Had the NHMRC not set out to deliberately lower the guidelines it would be advising men they could be consuming up to 20 drinks a week if they spread their drinking out over seven days.”

Updated

If you haven’t had a chance to read this story, you probably should:

Scott Morrison does not yet have a speaker’s spot at a global climate ambition summit this weekend despite telling parliament last week he intended to use an appearance at the event to “correct mistruths” about his government’s heavily criticised record on emissions reduction.

A government spokesman on Monday night said Australia had been invited to take part in the 12 December summit “both personally by [British] prime minister Boris Johnson during a phone call with prime minister Morrison, and again in writing by the leaders of hosting nations: the United Kingdom, France, Italy, Chile and also the United Nations”.

But diplomatic sources have told Guardian Australia there had been debate among the co-hosts including Britain – which is hosting the next major climate conference in Glasgow in 2021 and has taken a leading role in calling on countries to do more – as to whether Morrison should be approved to speak at the summit given the widespread view Australia is a laggard on climate commitments.

Save the Children wants to have youth voices heard in Australia’s climate policy debate, arguing young people are more impacted by the changes and deserve a louder voice.

CEO Paul Ronalds said Australia had failed to take the views of its younger generations into account – and instead, sought to discourage them:

No group is more vulnerable to impacts of climate change than children, yet Australia has not taken children’s views into account in making decisions about climate change.

In fact, they have actively discouraged children from expressing their views by participating in advocacy actions like the School Strikes 4 Climate.

The climate emergency is here and children’s voices must be heard given the immediate and long term impact it has for them.

Changes in temperature, air and water quality and nutrition have severe and long-term impacts on a child’s health, development and well-being.

The devastating Black Summer bushfires highlighted the horrific impact that disasters can have on children’s physical and mental wellbeing.”

Updated

The UK Covid vaccination program is being rolled out from today (which has been labelled V-day).

It’s the first country to begin using the Pfizer vaccine, after its regulators approved it last week.

Over 80s and health and care staff are first.

More than 60,000 people have died after being infected with Covid since the beginning of the pandemic

Australia will begin its program (at this stage) from March.

Updated

There are more than 4,000 alcohol related deaths in Australia each year.
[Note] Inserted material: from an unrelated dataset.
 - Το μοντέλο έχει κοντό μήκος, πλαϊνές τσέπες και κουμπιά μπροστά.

Alcohol is also responsible for about 70,000 hospital admissions. It makes sense the experts are looking at how much is safe for us to drink.
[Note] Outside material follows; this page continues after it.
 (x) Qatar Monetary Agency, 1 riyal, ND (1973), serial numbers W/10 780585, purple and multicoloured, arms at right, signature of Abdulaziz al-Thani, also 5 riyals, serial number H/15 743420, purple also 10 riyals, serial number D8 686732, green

And a reminder – they are talking about standard drinks – not the glasses you pour.

So that is a shot of spirits. A standard glass of wine is about 1.5 drinks. A sparkling wine glass is 1.8 (I’ve done my RSA more than once). A beer is about 1.4 drinks.
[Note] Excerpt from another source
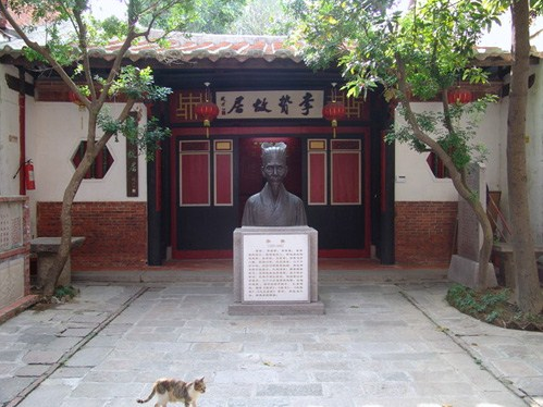 李贄故居位于泉州鯉城區(qū)南門萬壽路123號,為一座兩進三開間的普通民房,現(xiàn)前落只剩一間通道,正廳建筑形式為坡屋頂,磚木結(jié)構,廳堂內(nèi)案桌供脫胎李贄塑像,后有李贄家族族系圖。廳口聯(lián)文為“聯(lián)濟南隴西為鼎族;蔚政事文學之名賢”;廳中楹聯(lián)為“兩支雙名宦;三世四鄉(xiāng)賢”。正廳兩側(cè)有現(xiàn)任副市長周錕民題留的李贄在云南姚安知府任上所撰對聯(lián)“聽政有悠閑,不妨甓運陶齋,花栽潘縣;做官無別物,只此一庭明月,兩袖清風。”清同治間(1862-1874)修葺時,在該廳右側(cè)出土有李贄石質(zhì)印章兩枚,一刻陰文“李贄”,一刻陽文“卓吾”?,F(xiàn)分別收藏于中國歷史博物館和泉州海外交通史博物館,此次辟李贄紀念館專門復制陳列,泉州師院歷史系教授吳幼雄捐出收藏的李贄祖母墓志銘也陳列于此。經(jīng)鯉城區(qū)本屆政府的關心重視,重新整葺的故居辟為李贄紀念館,并請全省知名雕塑家楊振榮雕塑了李贄半身銅像一尊,并刻有李贄生平簡歷,供游客贍仰。故居占地面積495平方米。

It quickly adds up. More people than you would know struggle with alcohol. And before the libertarians wind themselves up about wowsers, they are guidelines, not orders. You do you, but just think about what you’re doing.

Updated

And in Victoria (also via Adam Morton)

Victoria’s publicly-owned forestry agency has been allowed to restart logging in bushfire-ravaged east Gippsland despite a warning from a regulator there was a risk of “serious and irreversible damage” to the state’s biodiversity.

A report released under freedom of information laws show the state’s conservation regulator twice wrote to VicForests during and after last summer’s catastrophic bushfires advising it should apply the “precautionary principle” when logging in the area.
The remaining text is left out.